Extending structures for Gel'fand-Dorfman bialgebras

TL;DR

This paper studies how to extend Gel'fand-Dorfman bialgebras by classifying all possible algebraic structures on larger spaces that contain a given bialgebra as a subalgebra, using a new unified product approach.

Contribution

It introduces a novel framework and the object al{GH}^2(V,A) for classifying extending structures of Gel'fand-Dorfman bialgebras, generalizing existing theories.

Findings

Constructed the al{GH}^2(V,A) object for classification

Developed the unified product concept for Gel'fand-Dorfman bialgebras

Analyzed the case when the complement has dimension one

Abstract

Gel'fand-Dorfman bialgebra, which is both a Lie algebra and a Novikov algebra with some compatibility condition, appears in the study of Hamiltonian pairs in completely integrable systems and a class of special Lie conformal algebras called quadratic Lie conformal algebras.
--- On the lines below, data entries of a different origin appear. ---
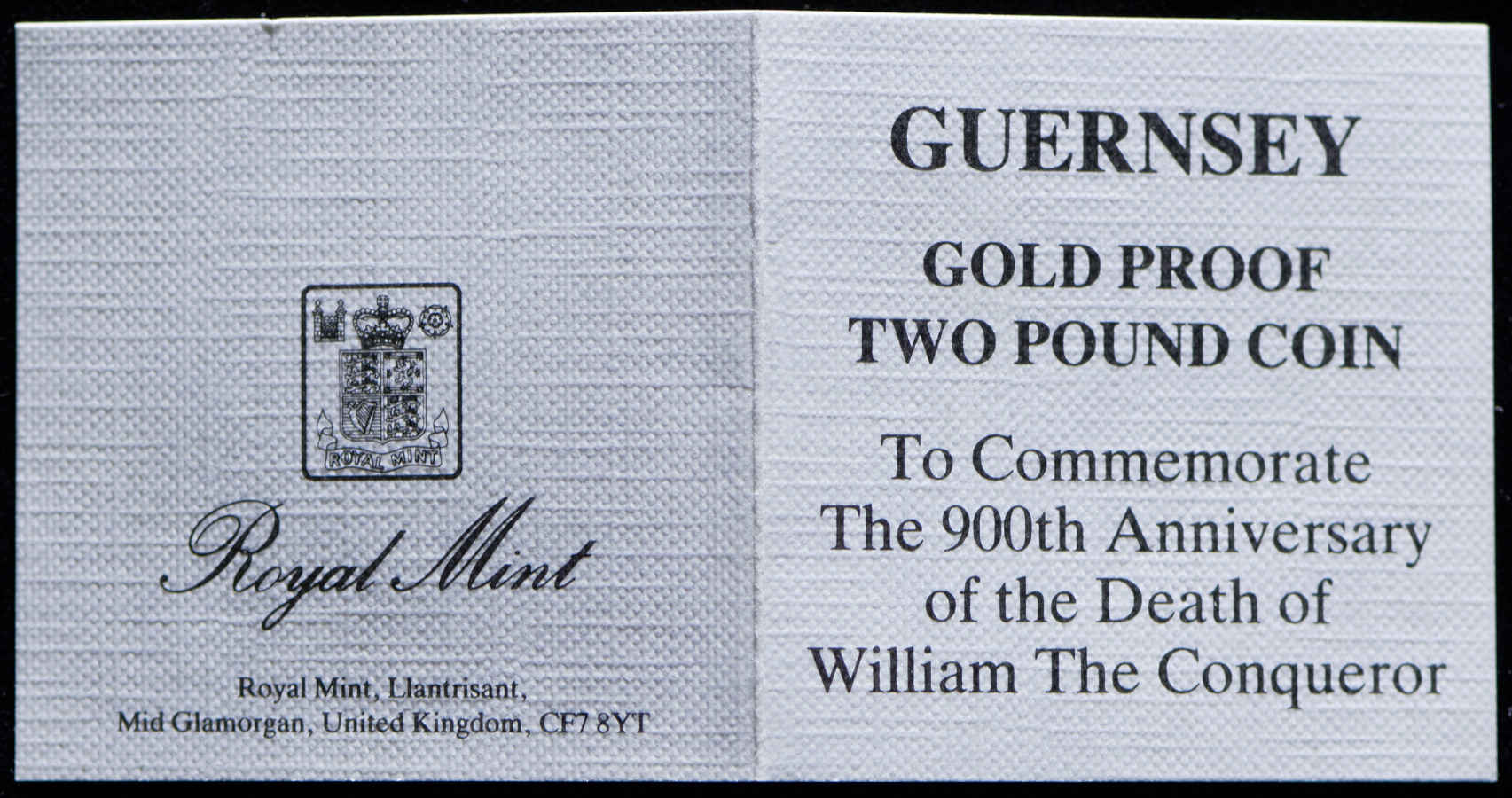 Отчеканена в память 900-летия со дня смерти Вильгельма Завоевателя.
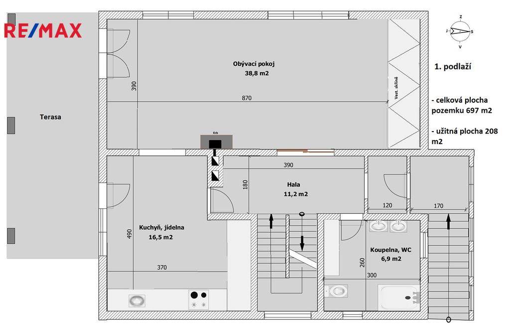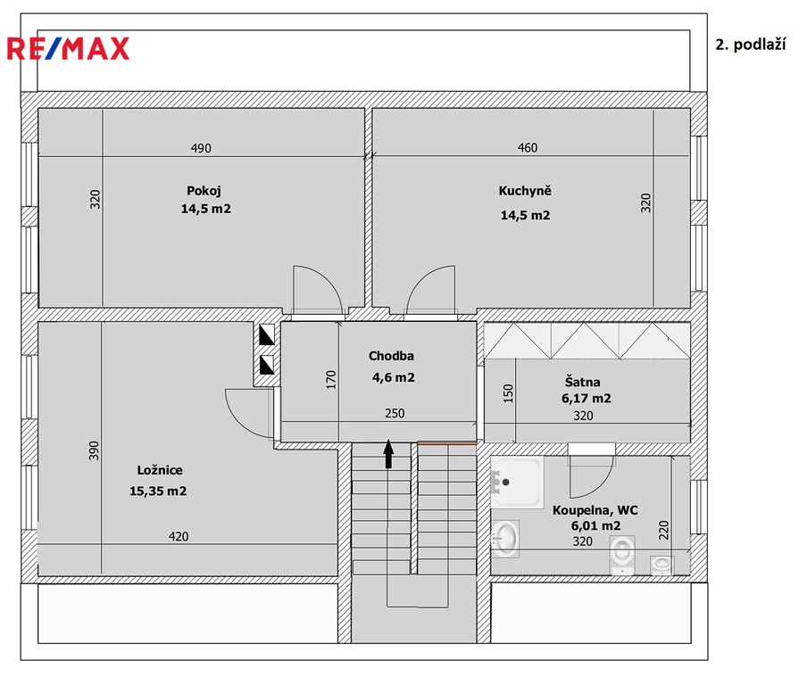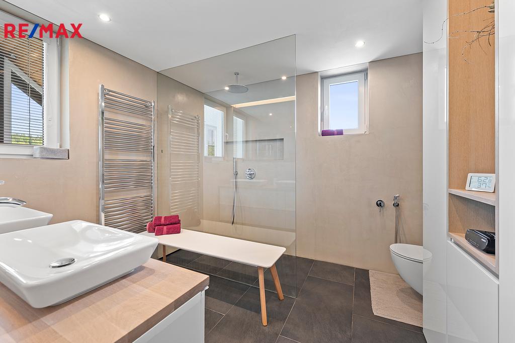 Z chodby je přístup do druhého podlaží, kde jsou dva pokoje, koupelna se sprchovým koutem a s WC, šatna a samostatná kuchyně. V chodbě je výlez na půdu, kde by byla možnost vybudování podkroví o vel. cca 60 m2.
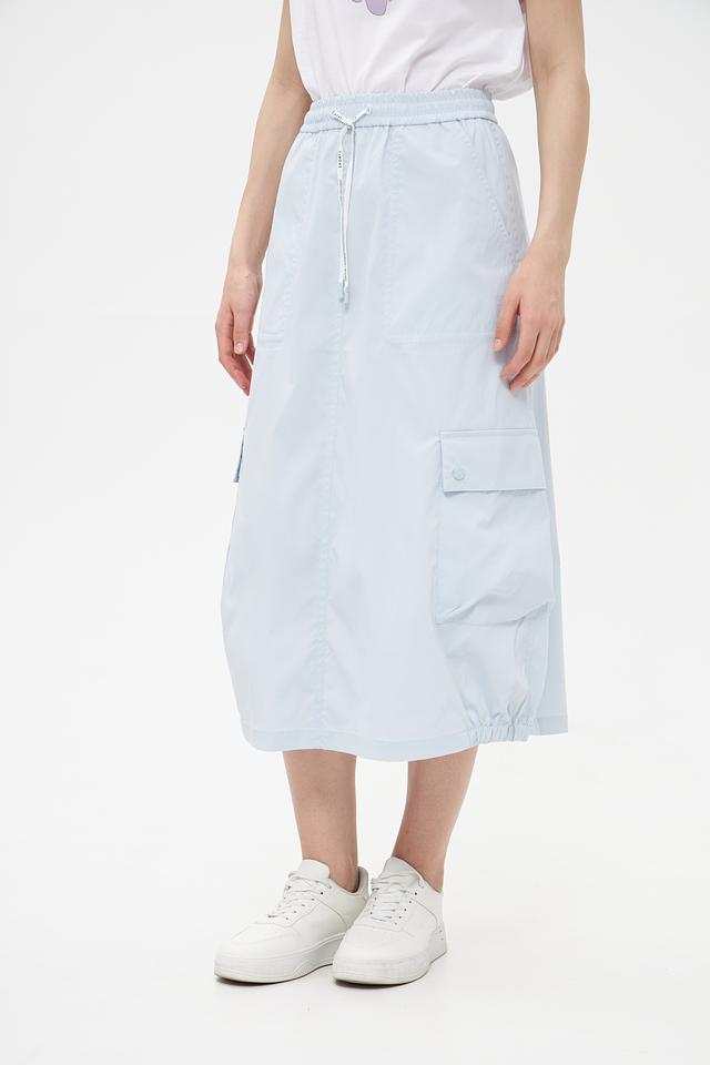 Голубая юбка Marc Cain Sports из переработанного полиэстера – стильное и комфортное решение для повседневного гардероба. Модель выполнена из лёгкой ткани и дополнена удобным поясом на шнуровке и функциональными карманами. Состав: переработ.полиэстер 63%, полиэстер 37%
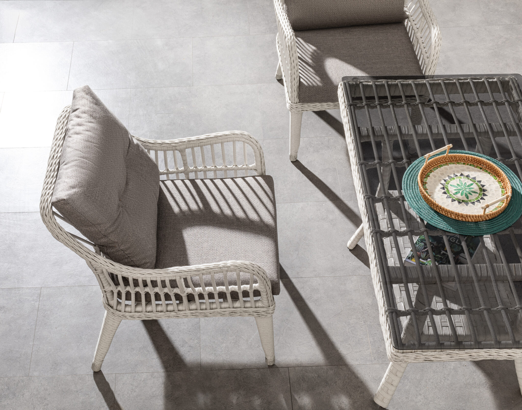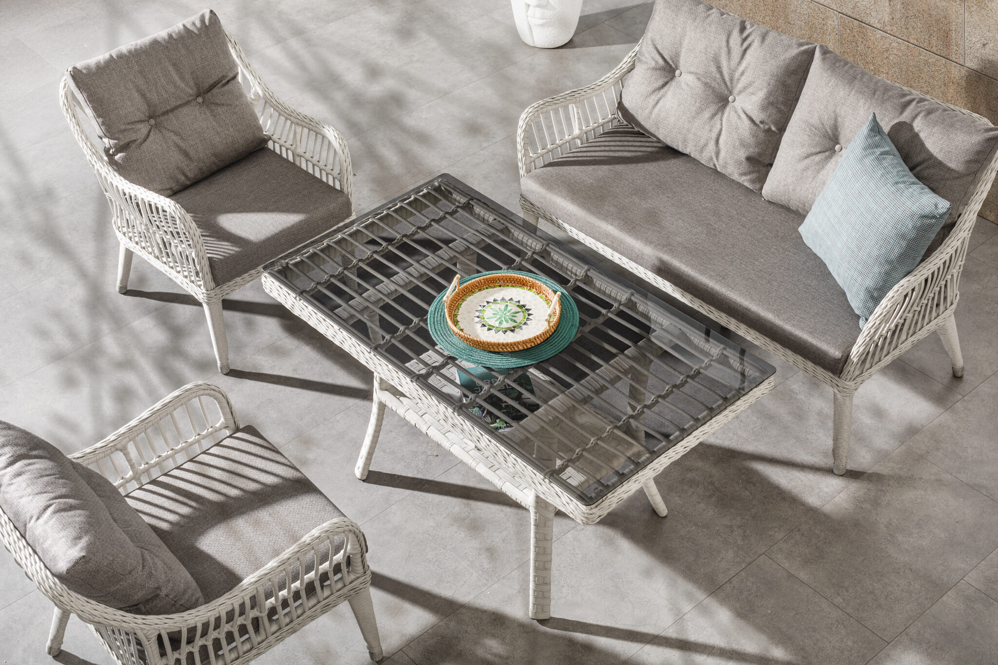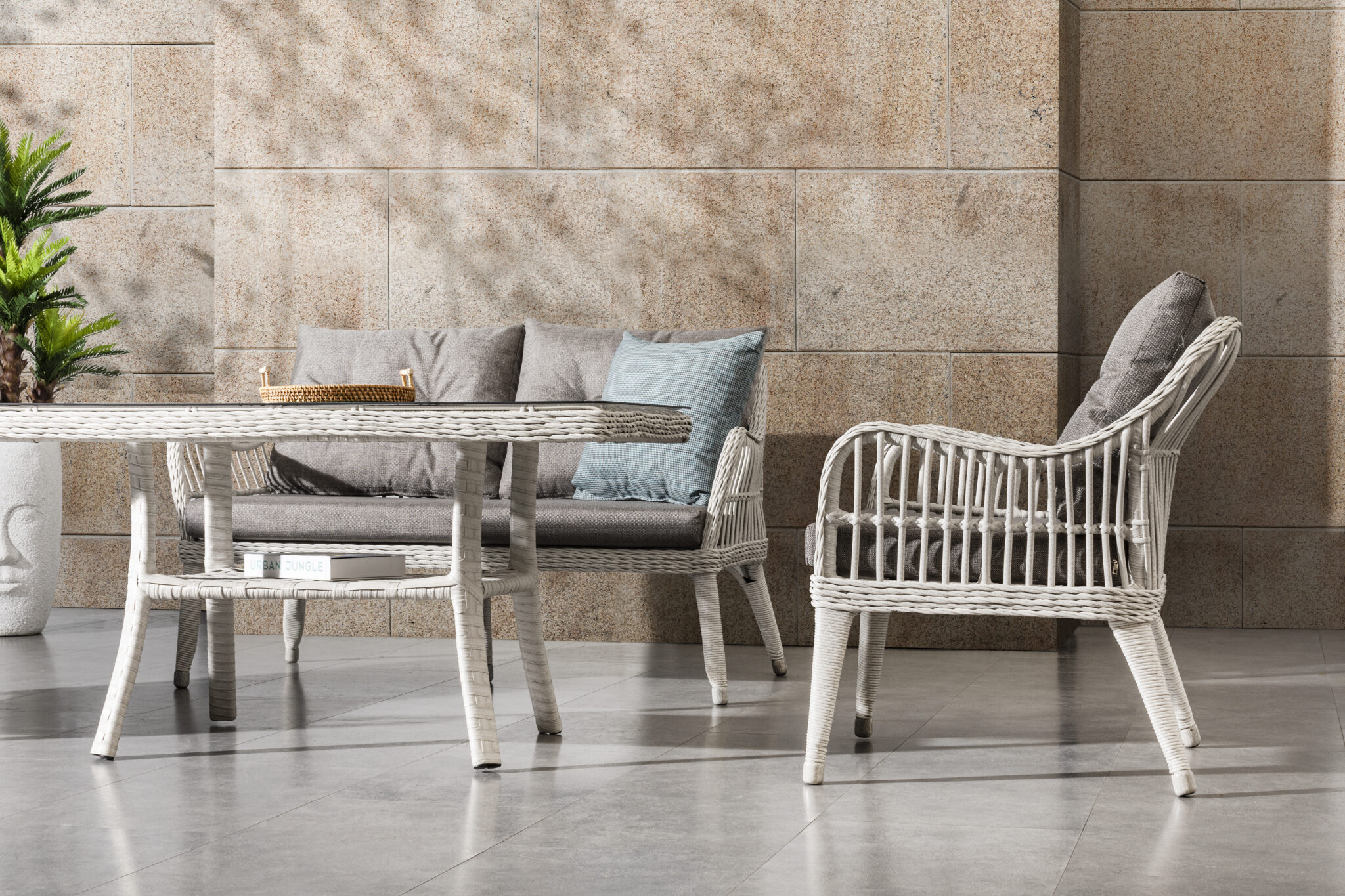 Setul este compus din o canapea, două fotolii și o masă , fiind o alegere ideală pentru amenajarea unui colț relaxant și rafinat în exterior.
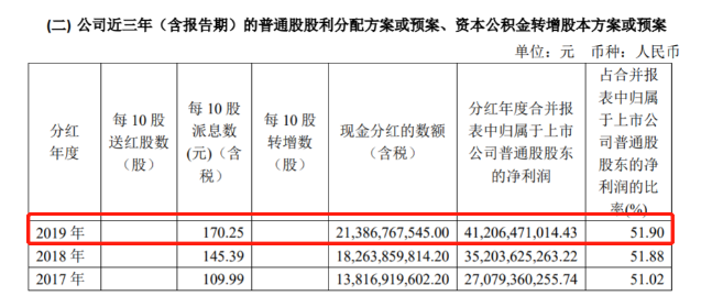 年报中称,公司推出了拟每10股派发现金红利170.25元(含税)的分配方案,现金分红数额213.87亿元,分红比例达51.9%。

In this paper, we investigate the extending structures problem for Gel'fand-Dorfman bialgebras, which is equivalent to some extending structures problem of quadratic Lie conformal algebras. Explicitly, given a Gel'fand-Dorfman bialgebra $(A, \circ, [\cdot,\cdot])$, this problem asks that how to describe and classify all Gel'fand-Dorfman bialgebraic structures on a vector space $E$ $(A\subset E$) such that $(A, \circ, [\cdot,\cdot])$ is a subalgebra of $E$ up to an isomorphism whose restriction on $A$ is the identity map. Motivated by the theories of extending structures for Lie algebras and Novikov algebras, we construct an object $\mathcal{GH}^2(V,A)$ to answer the extending structures problem by introducing a definition of unified product for Gel'fand-Dorfman bialgebras, where $V$ is a complement of $A$ in $E$. In particular, we investigate the special case when $\text{dim}(V)=1$ in detail.